**** Provided data ****

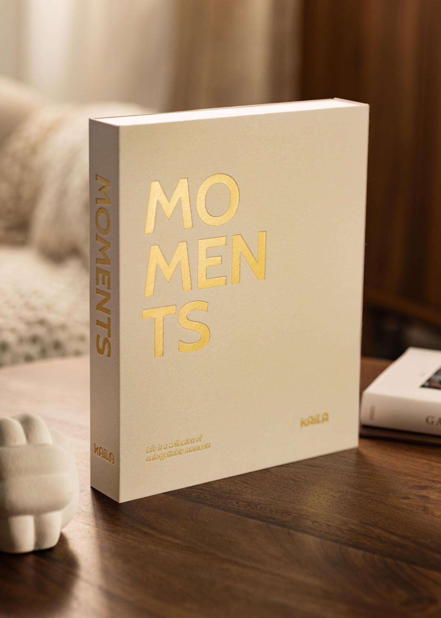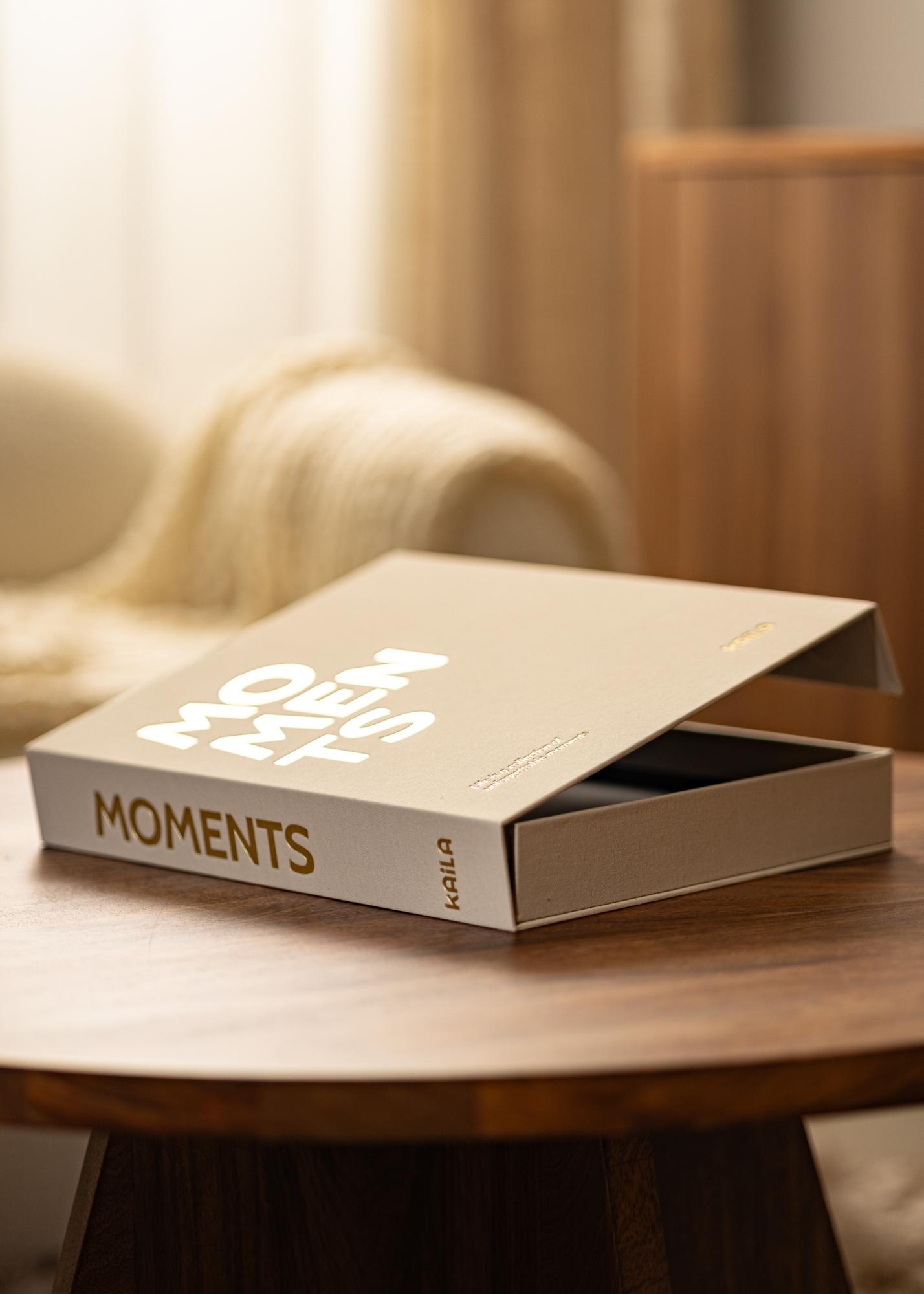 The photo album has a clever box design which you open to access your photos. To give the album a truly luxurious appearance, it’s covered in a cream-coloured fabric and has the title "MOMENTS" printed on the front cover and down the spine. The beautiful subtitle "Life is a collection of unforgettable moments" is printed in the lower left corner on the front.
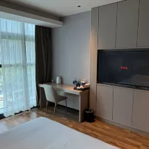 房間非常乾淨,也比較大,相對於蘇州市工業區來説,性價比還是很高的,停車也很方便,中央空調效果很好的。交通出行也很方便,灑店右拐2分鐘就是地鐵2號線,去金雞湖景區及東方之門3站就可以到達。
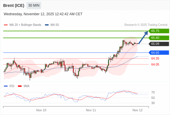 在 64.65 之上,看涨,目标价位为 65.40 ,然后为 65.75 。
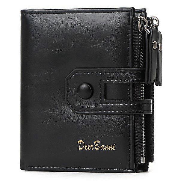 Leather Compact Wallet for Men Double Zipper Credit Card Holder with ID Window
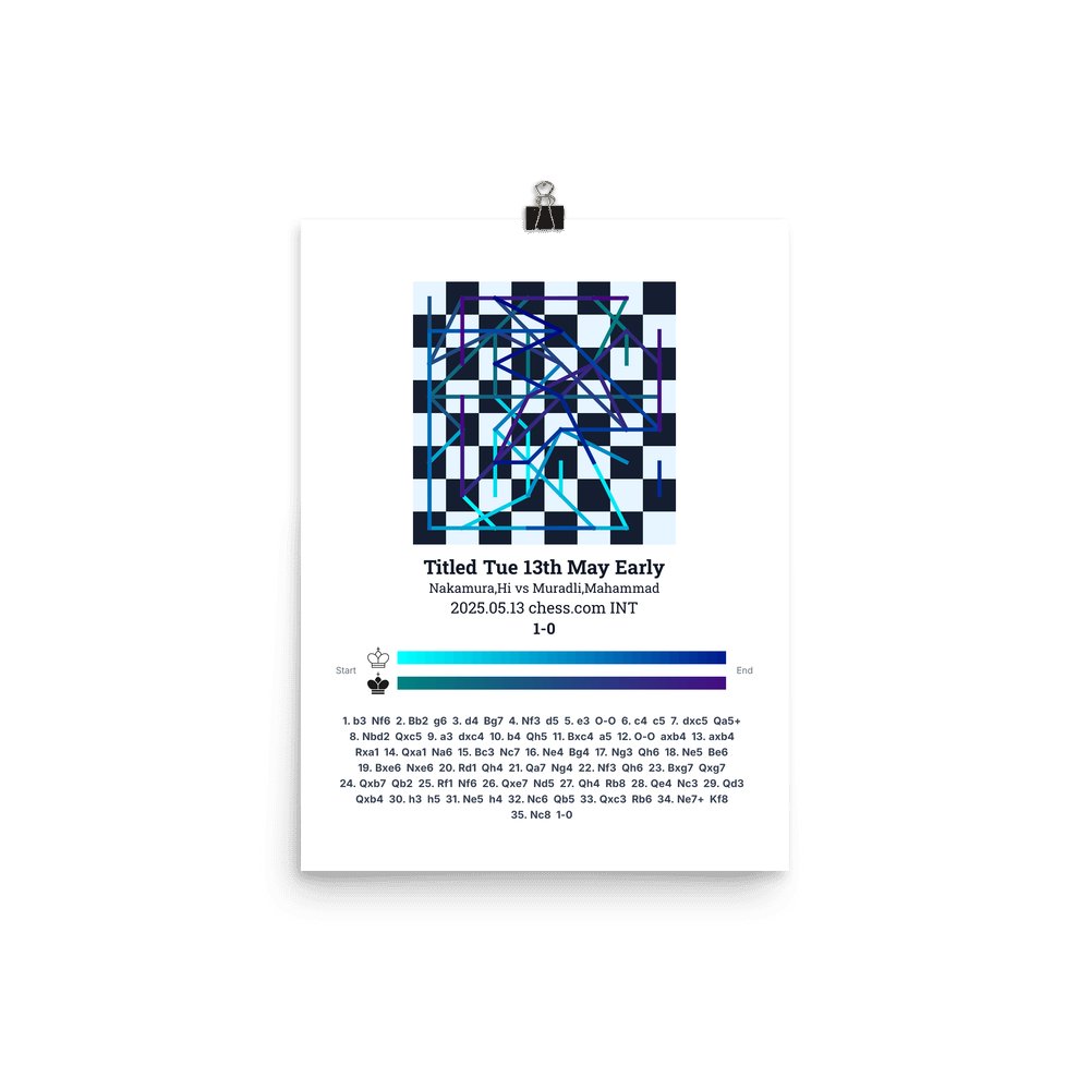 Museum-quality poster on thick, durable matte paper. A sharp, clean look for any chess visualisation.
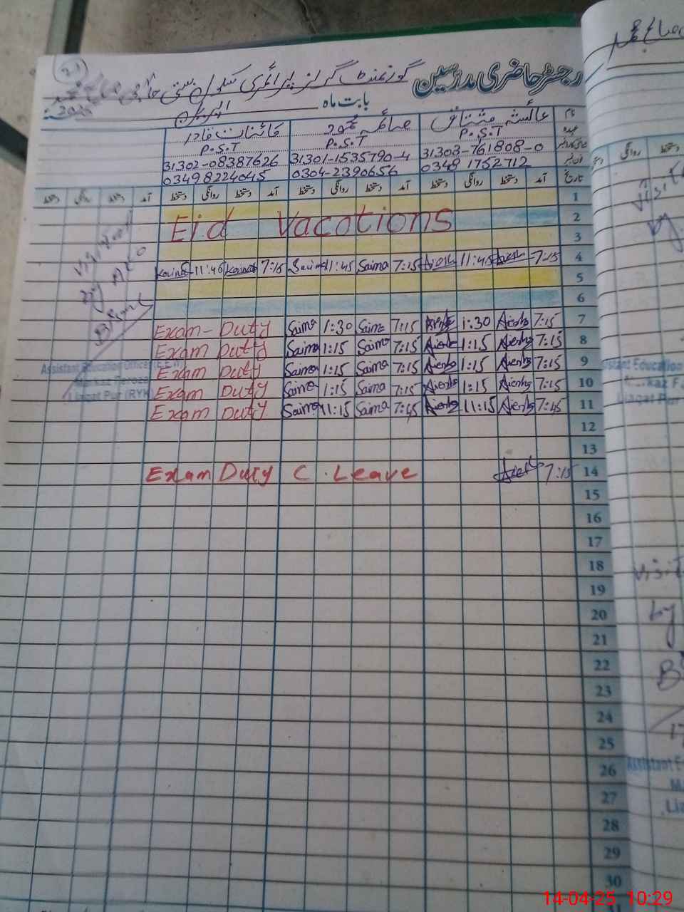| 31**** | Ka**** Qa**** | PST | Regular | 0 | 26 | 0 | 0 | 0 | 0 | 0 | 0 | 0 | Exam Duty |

****

Your assignment:
Your reply should hold only the lines running from the one with "Leather Compact Wallet" to the end of the data above, set down exactly, pictures omitted.

Result for this task:
 Leather Compact Wallet for Men Double Zipper Credit Card Holder with ID Window
 Museum-quality poster on thick, durable matte paper. A sharp, clean look for any chess visualisation.
| 31**** | Ka**** Qa**** | PST | Regular | 0 | 26 | 0 | 0 | 0 | 0 | 0 | 0 | 0 | Exam Duty |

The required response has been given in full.